= Data excerpts =
....
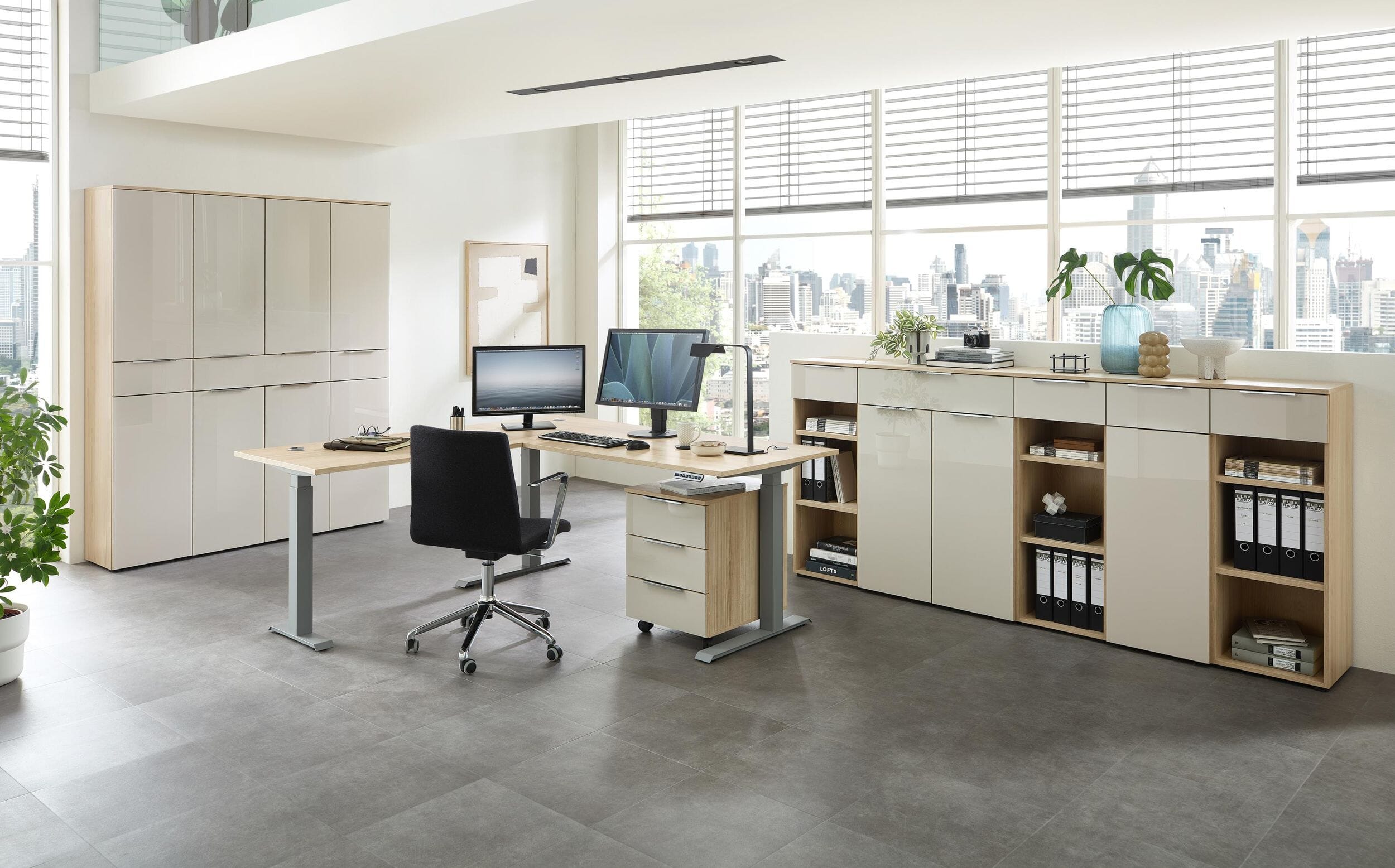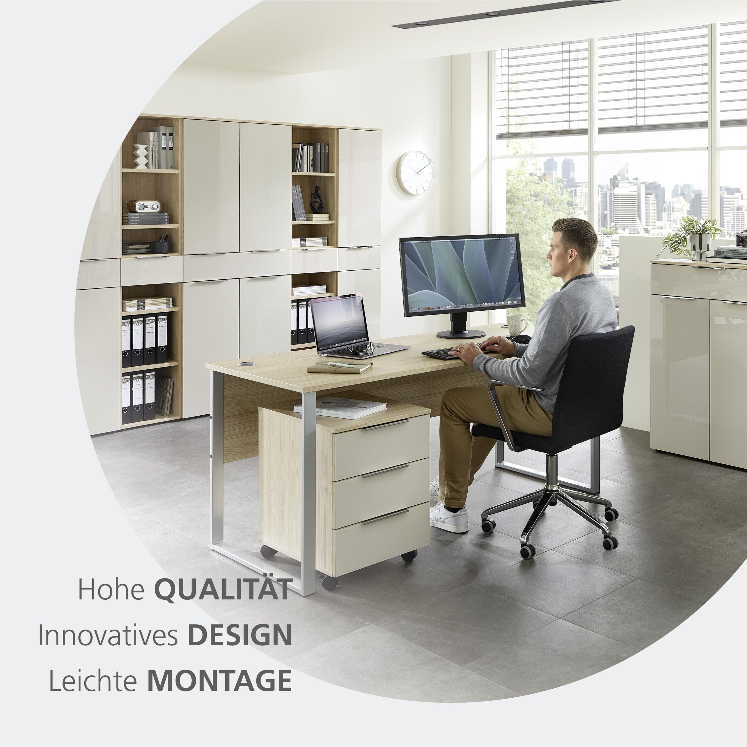 Alle Elemente dieser Serie lassen sich perfekt miteinander kombinieren, sodass Sie sich Ihr Büro ganz nach Ihren Wünschen als harmonisches Komplettset zusammenstellen können.
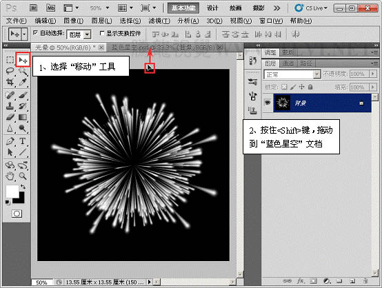 9、打开下图所示的背景,将“光晕”背景图层移到。
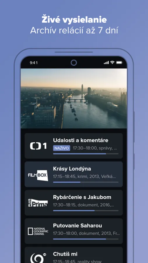 - Živé televízne vysielanie s možnosťou prehrania od začiatku
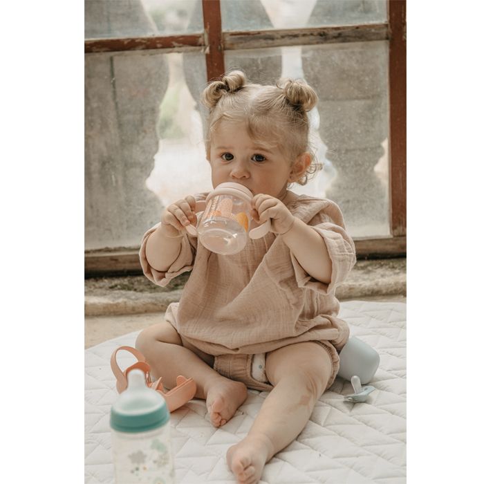 Prvá fľaša s uškami so špeciálnym SX ProTM antikolikovým cumlíkom uľahčuje prechod z dojčenskej fľaše na pitie z hrnčeka či pohára. Silikónový náustok je mäkké a materiálovo zhodné s cumlíky dojčenských fliaš a cumlíkov SX ProTM . Preto ho Vaše deti prijmú rýchlejšie ako bežný tvrdý náustok.
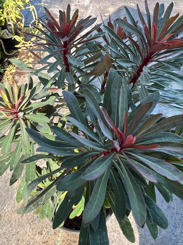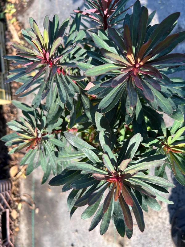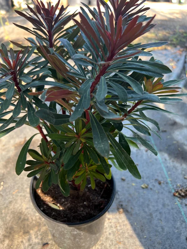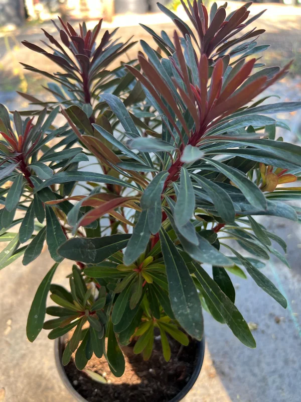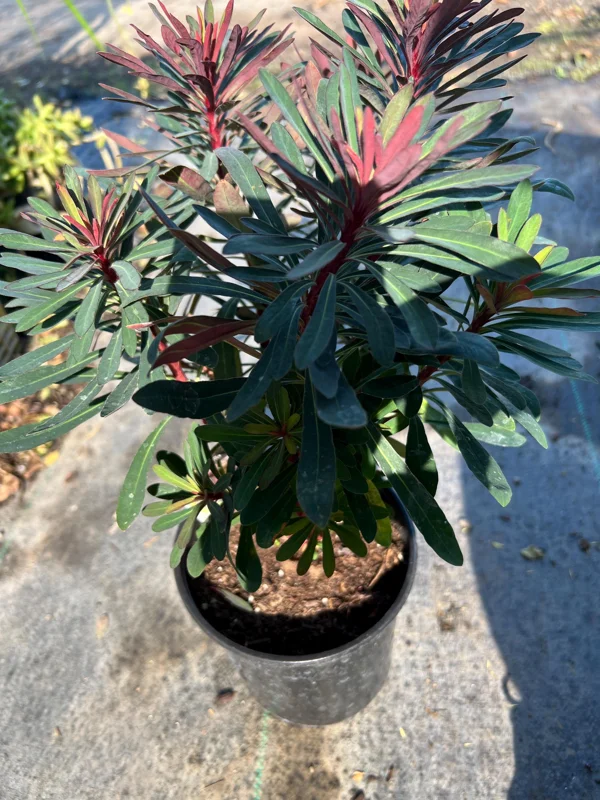 Originating from a genus known for its diverse forms, this Euphorbia variety is particularly popular for its robust nature and ornamental appeal. The ‘Miner’s Merlot’ cultivar brings a sophisticated palette to your outdoor spaces, with its deep, wine-colored new growth maturing into a beautiful green with red undertones. When it comes to garden versatility, the Euphorbia Miner’s Merlot live plant excels, adapting well to various planting schemes and offering a long season of interest.
....
= The task =
The records above are to be reproduced exactly; the pictures are to be left out.

= Output for this task =
 Alle Elemente dieser Serie lassen sich perfekt miteinander kombinieren, sodass Sie sich Ihr Büro ganz nach Ihren Wünschen als harmonisches Komplettset zusammenstellen können.
 9、打开下图所示的背景,将“光晕”背景图层移到。
 - Živé televízne vysielanie s možnosťou prehrania od začiatku
 Prvá fľaša s uškami so špeciálnym SX ProTM antikolikovým cumlíkom uľahčuje prechod z dojčenskej fľaše na pitie z hrnčeka či pohára. Silikónový náustok je mäkké a materiálovo zhodné s cumlíky dojčenských fliaš a cumlíkov SX ProTM . Preto ho Vaše deti prijmú rýchlejšie ako bežný tvrdý náustok.
 Originating from a genus known for its diverse forms, this Euphorbia variety is particularly popular for its robust nature and ornamental appeal. The ‘Miner’s Merlot’ cultivar brings a sophisticated palette to your outdoor spaces, with its deep, wine-colored new growth maturing into a beautiful green with red undertones. When it comes to garden versatility, the Euphorbia Miner’s Merlot live plant excels, adapting well to various planting schemes and offering a long season of interest.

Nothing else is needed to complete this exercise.